Phase 1, Jess and I agreed, was to create a Facebook page. It was the quickest way to invent a present and a past, something that could be googled, proving that the new “me” existed. I wasn’t a tech wiz, but, like everybody, I grew up on Facebook and knew a thing or two.
I chose May 4, Audrey’s birthday, and a birth year three years before my actual one and then opened a new account with a bogus e-mail, but my fingers froze on the keyboard when it was time to start filling in the details. I didn’t have a clue how many languages Lisbeth Dulac spoke, what her favorite music was, or what high school she attended.
Sinking into the pillows, I tried to get my head around the situation. Every piece of information I entered could be the one that blew my cover and exposed me as a fakester. It made my brain ache trying to think about it. The soft hum of the minifridge lulled me, making it impossible to keep my eyes from closing.

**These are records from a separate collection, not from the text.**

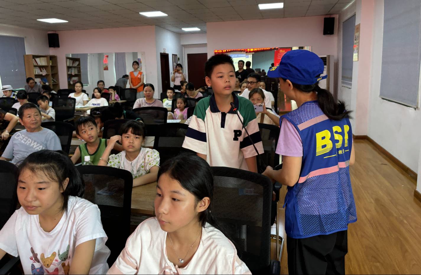 活动还设置了防溺水安全知识问答环节。科普志愿者精心设计系列问题,通过比赛竞答的形式,激发了孩子们的参与热情。小朋友们踊跃举手,家长们也积极参与,现场气氛十分热烈。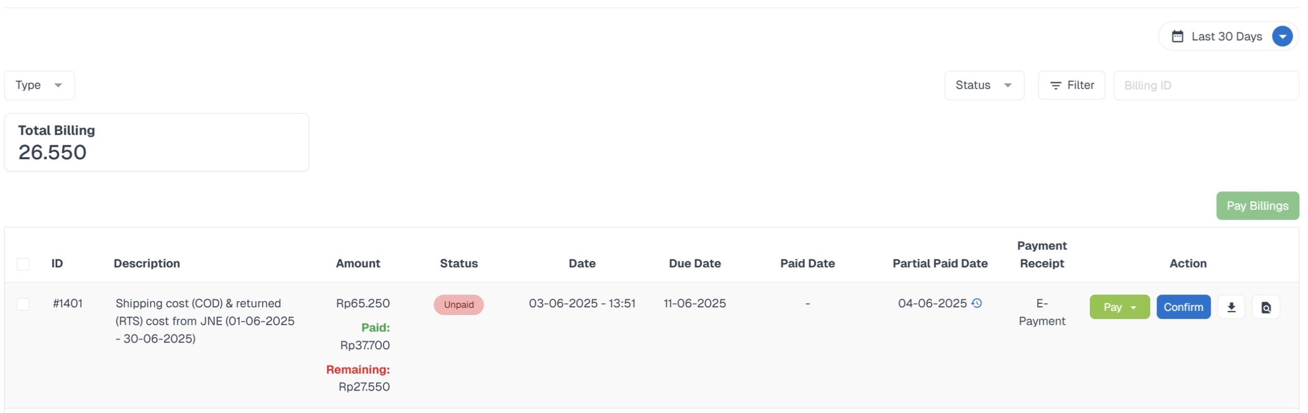 Kami dengan senang hati menginformasikan bahwa kini seller dapat lebih mudah mengelola pembayaran tagihan menggunakan Credit. Dengan fitur baru ini, Anda dapat melakukan pembayaran penuh atau sebagian untuk beberapa jenis tagihan, termasuk Shipping Cost, Return Shipping Cost, Plan Subscription, dan Shipping Cost Adjustment. Jika saldo Anda lebih kecil dari total tagihan, Anda masih dapat melakukan pembayaran sebagian. Lihat demo di bawah untuk panduan lebih lanjut tentang cara menggunakan fitur pembayaran ini.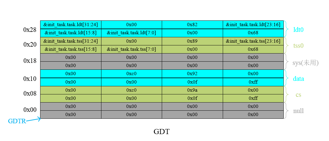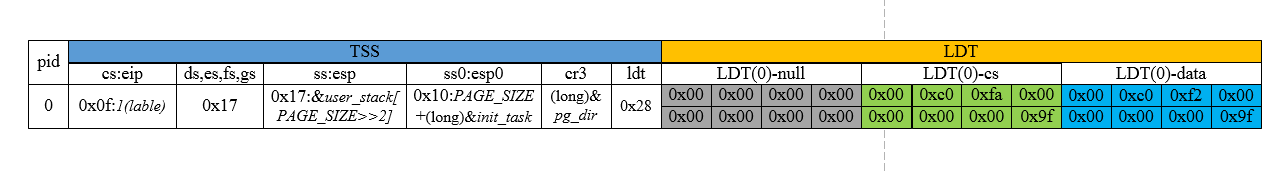 需要做的就是将任务 0 的 PCB 即 init_task.task 中的 TSS 和 LDT 的基地址,段限长和属性信息填入到 GDT 表中对应的用来存放任务 0 的 TSS 描述符和 LDT 描述符的描述符表项中。这个工作是在 sched_init() 函数中完成的,通过执行 set_tss_desc(gdt+FIRST_TSS_ENTRY,&(init_task.task.tss)) 宏函数来设置 GDT 表中任务 0 的 TSS 描述符表项,通过执行 set_ldt_desc(gdt+FIRST_LDT_ENTRY,&(init_task.task.ldt)) 宏函数来设置 GDT 表中的任务 0 的 LDT 描述符表项。此时,GDT 表的字节分布如下图所示: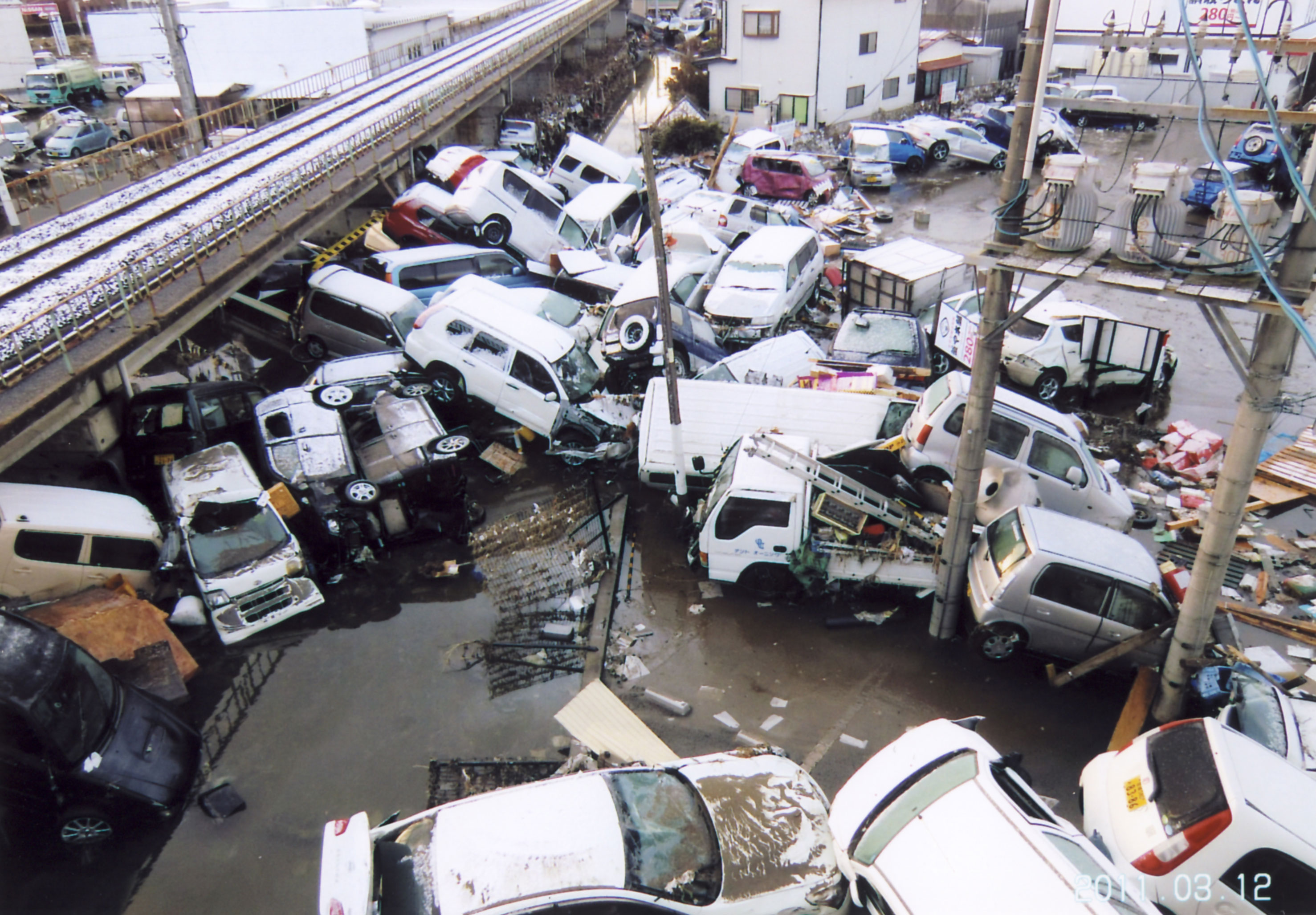 | 解説 | 多賀城市内JR仙石線高架橋まで津波に押し流された自動車。市街地では車両等の流出が多かった。 |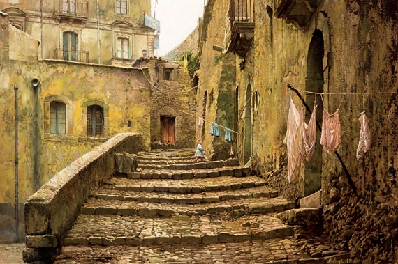 There are four Hulings in the sale. The artist, who died in 2011, was a master of capturing working people in scenes around the world; the fact that he became known as a Western painter is ironic, because most of his paintings were painted in Europe and Mexico. The paintings included in this years’ Scottsdale Art Auction convey the diversity and artistry of Hulings’ work; one is of a small blond girl in Sicily’s cobblestone streets, with laundry hanging nearby.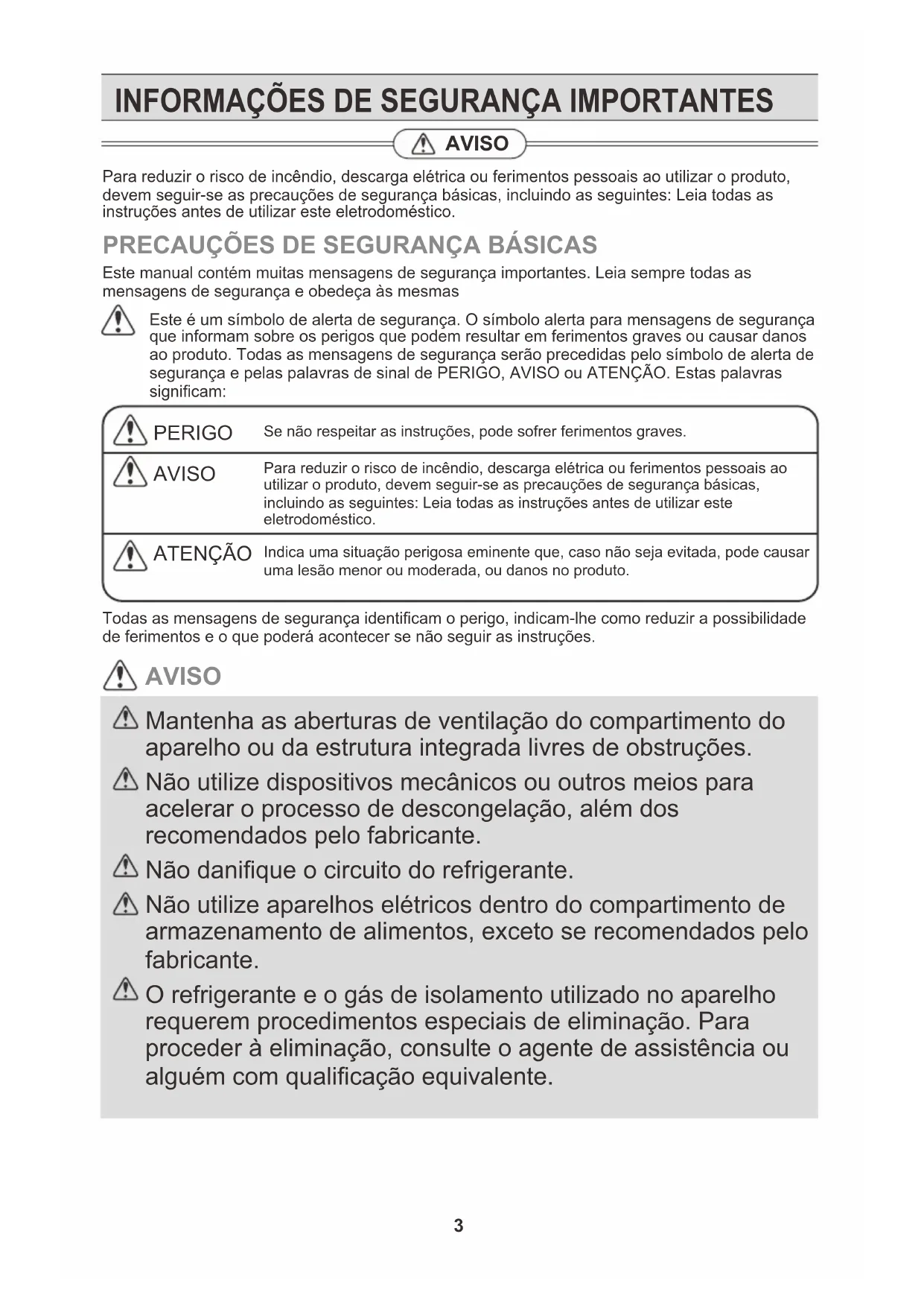 AVISOS IMPORTANTES ANTES DE CONTACTAR A ASSISTÊNCIAINFORMAÇÕES DE SEGURANÇA IMPORTANTES Mantenha as aberturas de ventilação do compartimento do aparelho ou da estrutura integrada livres de obstruções. Não utilize dispositivos mecânicos ou outros meios para acelerar o processo de descongelação, além dos recomendados pelo fabricante. Não danifique o circuito do refrigerante. Não utilize aparelhos elétricos dentro do compartimento de armazenamento de alimentos, exceto se recomendados pelo fabricante. O refrigerante e o gás de isolamento utilizado no aparelho requerem procedimentos especiais de eliminação. Para proceder à eliminação, consulte o agente de assistência ou alguém com qualificação equivalente. AVISO PRECAUÇÕES DE SEGURANÇA BÁSICAS Este manual contém muitas mensagens de segurança importantes. Leia sempre todas as mensagens de segurança e obedeça às mesmas Este é um símbolo de alerta de segurança. O símbolo alerta para mensagens de segurança que informam sobre os perigos que podem resultar em ferimentos graves ou causar danos ao produto. Todas as mensagens de segurança serão precedidas pelo símbolo de alerta de segurança e pelas palavras de sinal de PERIGO, AVISO ou ATENÇÃO. Estas palavras significam: PERIGO AVISO ATENÇÃO Se não respeitar as instruções, pode sofrer ferimentos graves.Para reduzir o risco de incêndio, descarga elétrica ou ferimentos pessoais ao utilizar o produto, devem seguir-se as precauções de segurança básicas, incluindo as seguintes: Leia todas as instruções antes de utilizar este eletrodoméstico.Indica uma situação perigosa eminente que, caso não seja evitada, pode causar uma lesão menor ou moderada, ou danos no produto. Todas as mensagens de segurança identificam o perigo, indicam-lhe como reduzir a possibilidade de ferimentos e o que poderá acontecer se não seguir as instruções. AVISO Para reduzir o risco de incêndio, descarga elétrica ou ferimentos pessoais ao utilizar o produto, devem seguir-se as precauções de segurança básicas, incluindo as seguintes: Leia todas as instruções antes de utilizar este eletrodoméstico. 3Se o gás utilizado for o R600a

The sound of Nan’s music box playing “Moon River” was swimming round and round in my head until I awoke, realizing the song was actually the muffled sound of my phone ringing buried beneath the pillows. Groggy, I answered and figured it was Jess calling. She’d help me figure this out.
“Hey, wuz up?”
“… Lisbeth?”
I froze. Whose voice was that? Crap.
“Lisbeth? Is that you?”
My God. Tabitha.
I powered off my phone and dropped it on the floor like it was red hot. I panicked. Shit.
Then I thought, My voice message.
Crap. If she called back and heard my normal, goofy, homegirl message, the whole plan was cooked. I had to move faster than Tabitha’s little manicured fingers on her jewel-encrusted phone.
Powering my phone back on, I went to the phone settings, voice mail greeting and selected default—then sunk back into the pillows, watching, waiting, heart beating. My thoughts raced. Maybe it wasn’t her after all.
Clearly there was at least one problem with living a fantasy life—it made me paranoid as hell.
The phone lit up, playing “Moon River” in my hands. I let it ring through, and allowed myself to breathe.
For a split second, I actually considered forgetting the whole scheme. I wasn’t the kind of girl that lied, even on normal stuff. When I told a lie, I got this queasy, fluttering feeling in my stomach like there was a little trapped creature down there who couldn’t get out.